Feds’ LEED leanings linked to broader regulatory burden

In a mid-July hearing, “Continuing Oversight of Regulatory Impediments to Job Creation: Job Creators Still Buried by Red Tape,” the U.S. House Committee on Oversight and Government Reform heard how the General Services Administration’s exclusive use of a single green building rating system—the U.S. Green Building Council’s LEED standard—adversely impacts energy efficient building product sources.

Steve Russell, vice president of the American Chemistry Council Plastics Division, noted his group’s support of the broad objective of energy efficiency and related laws and regulation, plus members’ work with LEED developers. “Unfortunately, GSA has given its stamp of approval only to LEED, and LEED is currently being revised in a way that could jeopardize U.S. jobs and our industry’s competitiveness, not to mention building performance and efficiency,” he said.

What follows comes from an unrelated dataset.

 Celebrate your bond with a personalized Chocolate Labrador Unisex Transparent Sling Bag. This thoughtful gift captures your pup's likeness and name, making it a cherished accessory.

The current proposal to update LEED is a significant departure from the previous version of the green building rating system, he added. Called LEED v4, it proposes several dramatic changes that are intended to reduce or eliminate the use of trusted, proven and beneficial products of chemistry used in building and construction products, without regard to American jobs or costs to taxpayers.

Russell described specific concerns the industry has about GSA’s use of any private standard as creating a monopoly in the federal construction sector for one private green building standard; resulting in a system which is increasingly not science-based or data-driven; and impairing the ability of small businesses in the building and construction sector to compete.

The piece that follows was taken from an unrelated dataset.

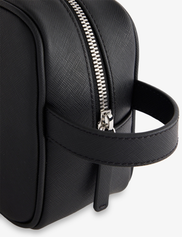 - Metal brand plaque at exterior, four card slots, currency compartment and coin compartment at interior, debossed branding at interior, textured

Describing how GSA has severely reduced healthy competition among green building standards by picking a single rating system, the agency “effectively creates a monopoly for federal buildings,” said Russell. “When the entire federal government picks just one private, standard, competition—the engine that drives lower prices, greater efficiency, and higher quality products—is removed.”

“Once a standard captures the entire market there is no competition, and no incentive to keep the price of implementing the standard down, so in the end the taxpayer pays more,” Russell affirmed.

The lack of scientific justification in LEED v4 should make it unsupportable for the federal government, he added, noting “The recently-proposed LEED update is so poorly grounded in science that the system gives ‘credits’ for avoiding proven U.S.-made products.”